Мы подбираемся к красоте, но еще не подобрались — потому что больше наших представлений могут быть, например, другие представления. Получилось так, что главной философской картинкой ХХ века, как ни крути, стала картинка «утка и кролик». Не было ничего более сложного в философии ХХ века, чем эта картинка. Ее использовали почти все философы, чтобы объяснить совершенно разные классы идей.

Когда человека спрашивают, что нарисовано, он говорит: «Кролик», а второй человек ему говорит: «Нет, утка». И через какое-то время первый человек уже видит утку, а второй — кролика. Интересно, что почти никто не говорит, что видит просто линию и точку. Если человек об этой картинке говорит: «Линия и точка», это считается одним из признаков психического расстройства.

Почему этот феномен оказался так важен? В ХХ веке и гештальт-психологи строили экспериментальные проекты, чтобы исследовать подобные явления, и Витгенштейн по-своему их изучал, и логики по-своему — но всех в этой картинке интересовала одна вещь. Когда нам кажется, что мы воспринимаем реальность и легко отвечаем на вопрос, что мы видим, — оказывается, что мы видим обычно не то, что есть, а то, что мы проецируем. Если кто-то сначала спроецировал кролика, то он говорит: «Кролик». И хорошо еще, если есть рядом другой человек — если его нет, то я с этим кроликом так и умру. Но есть другой человек, и он говорит, что видит на этой картинке утку. Интересно здесь не то, что можно двумя способами видеть реальность (это уже даже неприлично обсуждать), а то, что нельзя видеть сразу две картинки одновременно. Даже если ты знаешь, что здесь есть и кролик, и утка, — нельзя одновременно видеть и кролика, и утку. Психологи это доказали; они даже измеряли время, которое требуется мозгу для переключения с одной картинки на другую.

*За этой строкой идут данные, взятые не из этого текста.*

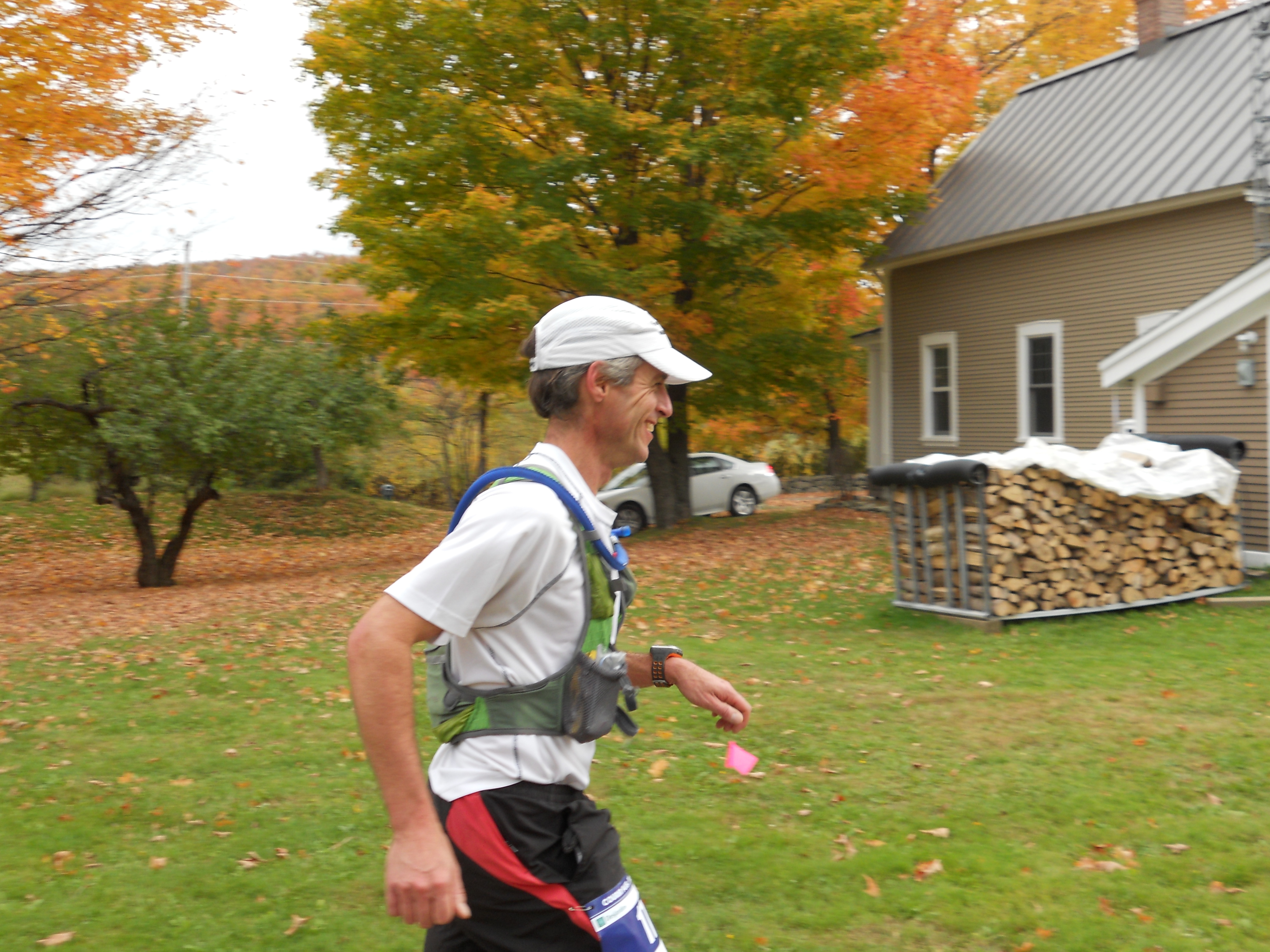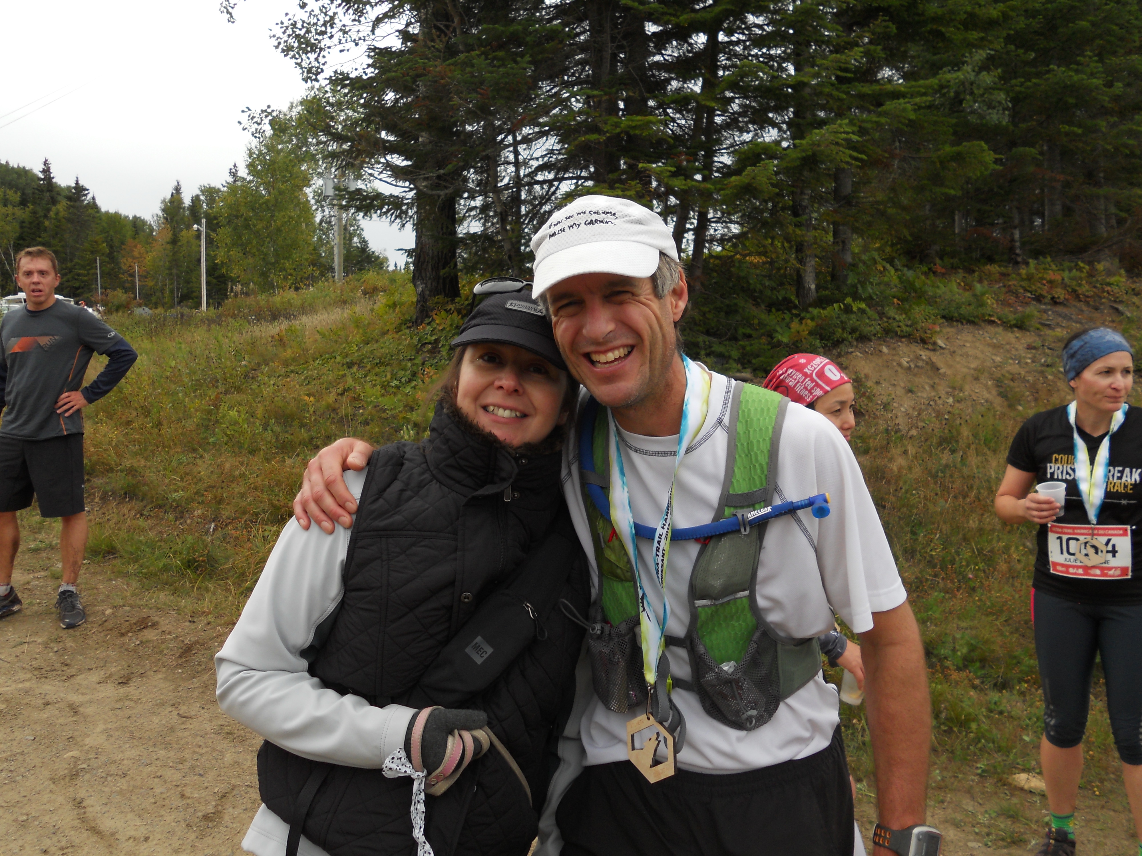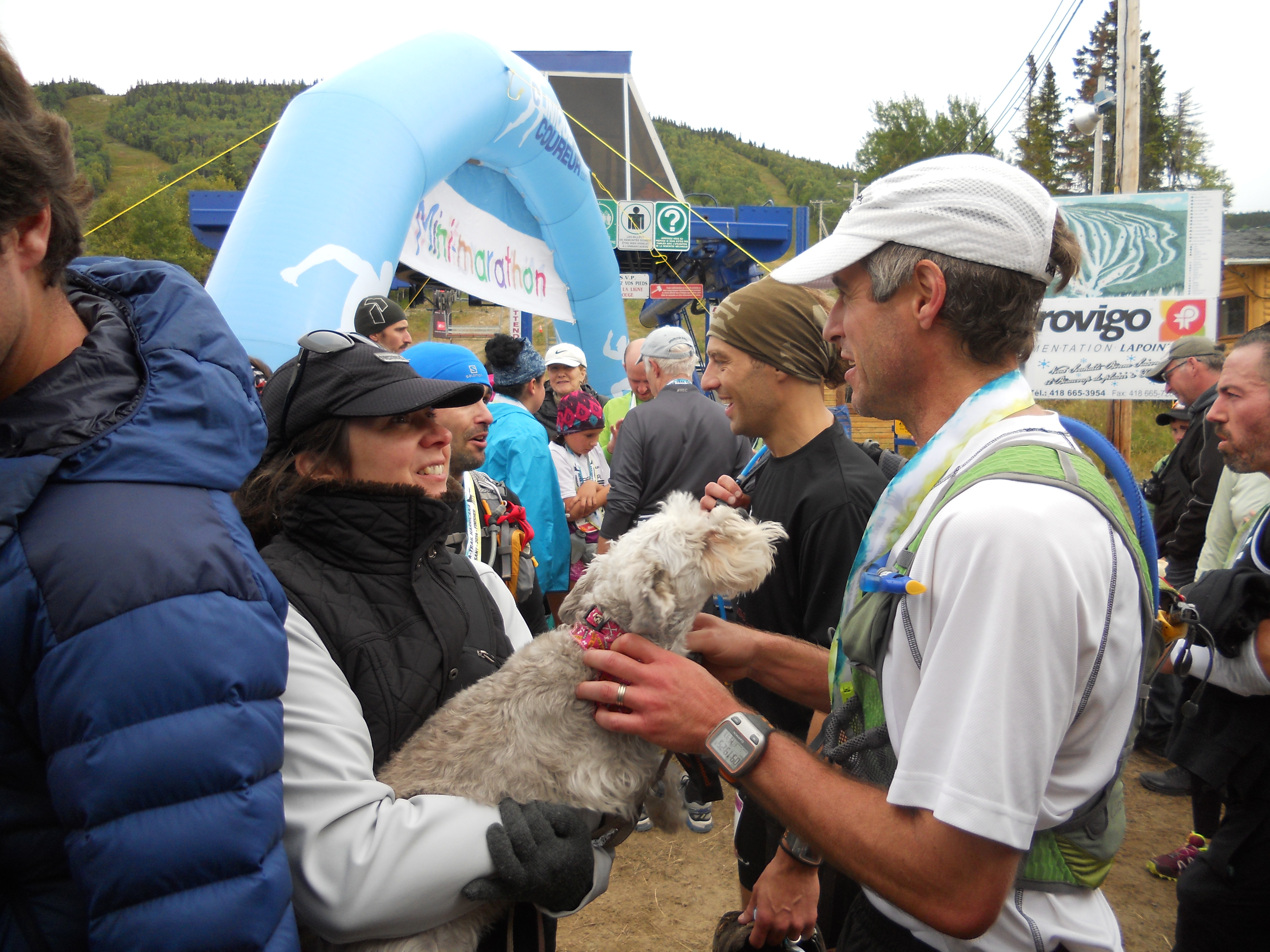 « Fred ? Qu’est-ce que tu fais derrière moi ? ». Je me demande plutôt ce que tu fais devant moi, chose ! Aussitôt, je lui demande s’il a fait les sentiers du lac Gale. « C’est quoi ça ? ». Tu n’as pas vu le lac ? Le sentier sur le bord, la vue d’en haut… « Non. ». Ha ben bout de viarge, il n’a pas fait la boucle du lac Gale ! J’ai au moins 15 kilomètres de plus que lui de parcourus ! Je lui demande s’il a un GPS, question de vérifier la distance parcourue. Négatif. Évidemment. Cout’ donc, qui est-ce qui court sans GPS de nos jours ? En tout cas, j’en suis à peu près certain: les indications n’étaient pas assez claires au camp de base et il est parti sur la droite au lieu de prendre la gauche. Moi, je connais un peu la géographie du coin, mais ce n,est pas pareil pour tout le monde.

Эта картинка довела до того, что можно назвать конструктивистским головокружением — когда стало казаться, что мы вообще никогда не имеем дела с реальностью. Ведь, казалось бы, реальность — это то, что я вижу. Но мы знаем теперь, что я вижу то, что хочу, и если проецирую кролика — то вижу кролика; и есть подозрение, что другой человек видит что-то иное. В этой ситуации все интеллектуальные усилия тратятся на то, чтобы плюрализовать собственное видение, узнавать, что видят другие. Но на этом все заканчивается; и, конечно, при таком подходе к реальности красота не возникает никогда. Так возникает только то, что можно называть интересным. Человек называет интересным обычно именно этот переход от кролика к утке. Можно сказать тогда, что все новое в этом мире — это просто переключение видения.

В ХХ веке, когда появилась модернистская литература, авангард, стало неприличным вообще использовать слово «красиво». Достаточно вспомнить знаменитое утверждение Гертруды Стайн, которая заявила, что красивыми бывают только обертки на конфетах, а великое произведение должно быть просто образцово некрасивым, чтобы отпугнуть дилетантов. Профаны не должны лезть в искусство, поэтому произведение должно быть очень скучным, очень некрасивым и очень неинтересным; все это — признаки (необходимые, но, конечно, не достаточные) гениального модернистского произведения.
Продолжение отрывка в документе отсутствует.